Records from a data collection
━━━━━━
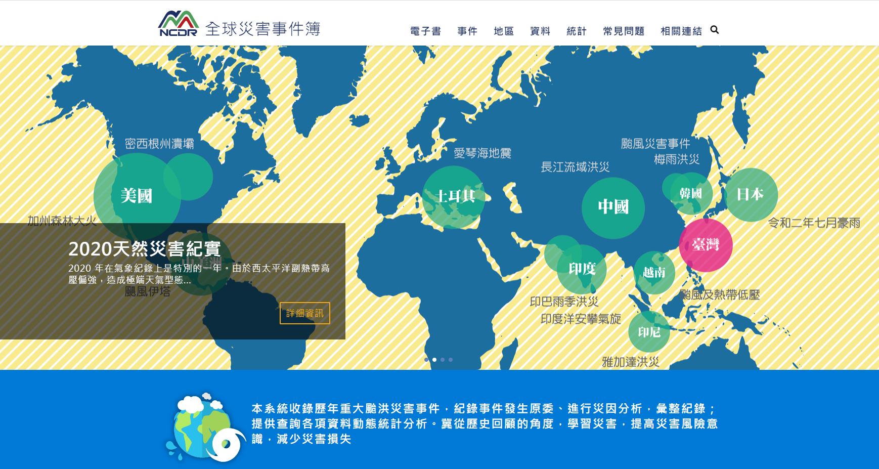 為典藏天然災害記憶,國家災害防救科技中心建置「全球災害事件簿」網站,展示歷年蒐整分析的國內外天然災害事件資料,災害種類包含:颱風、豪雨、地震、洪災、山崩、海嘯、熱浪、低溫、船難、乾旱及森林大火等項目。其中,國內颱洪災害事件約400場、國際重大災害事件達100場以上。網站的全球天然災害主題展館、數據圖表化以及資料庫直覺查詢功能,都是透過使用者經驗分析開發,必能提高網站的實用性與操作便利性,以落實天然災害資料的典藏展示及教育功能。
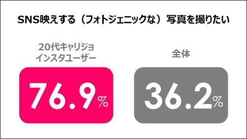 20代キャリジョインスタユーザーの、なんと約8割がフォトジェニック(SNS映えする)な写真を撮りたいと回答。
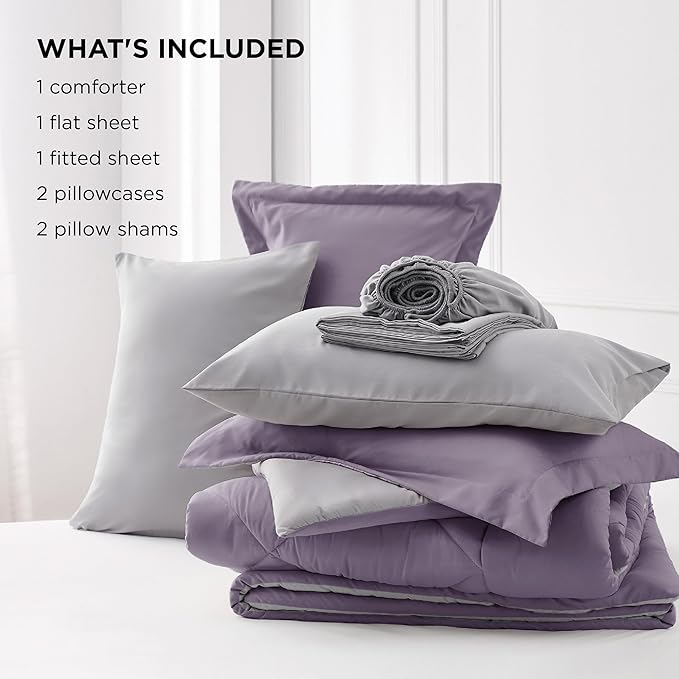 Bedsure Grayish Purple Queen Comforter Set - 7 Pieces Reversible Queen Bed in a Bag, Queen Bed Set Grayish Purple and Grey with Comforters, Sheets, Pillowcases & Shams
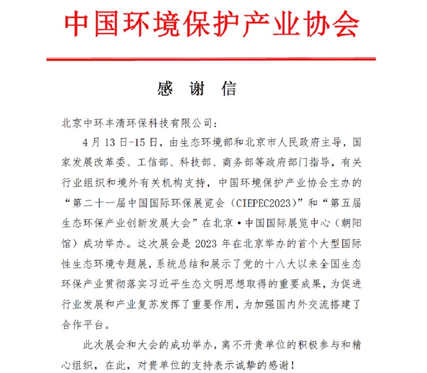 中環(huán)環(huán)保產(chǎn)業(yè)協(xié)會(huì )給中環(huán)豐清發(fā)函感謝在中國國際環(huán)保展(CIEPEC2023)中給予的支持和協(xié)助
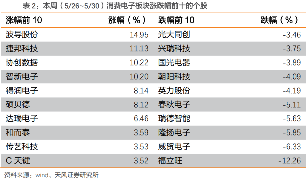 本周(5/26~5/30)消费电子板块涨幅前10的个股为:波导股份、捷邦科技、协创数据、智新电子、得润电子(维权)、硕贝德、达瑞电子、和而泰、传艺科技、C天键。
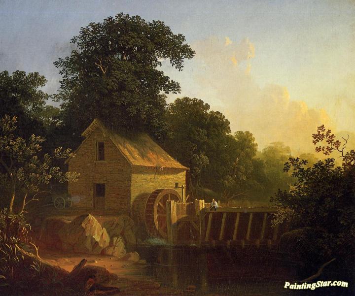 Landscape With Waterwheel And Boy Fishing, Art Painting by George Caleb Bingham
━━━━━━
Pictures stay out. Repeat only the lines from the beginning of the data through the line that has "20代キャリジョインスタユー".

 為典藏天然災害記憶,國家災害防救科技中心建置「全球災害事件簿」網站,展示歷年蒐整分析的國內外天然災害事件資料,災害種類包含:颱風、豪雨、地震、洪災、山崩、海嘯、熱浪、低溫、船難、乾旱及森林大火等項目。其中,國內颱洪災害事件約400場、國際重大災害事件達100場以上。網站的全球天然災害主題展館、數據圖表化以及資料庫直覺查詢功能,都是透過使用者經驗分析開發,必能提高網站的實用性與操作便利性,以落實天然災害資料的典藏展示及教育功能。
 20代キャリジョインスタユーザーの、なんと約8割がフォトジェニック(SNS映えする)な写真を撮りたいと回答。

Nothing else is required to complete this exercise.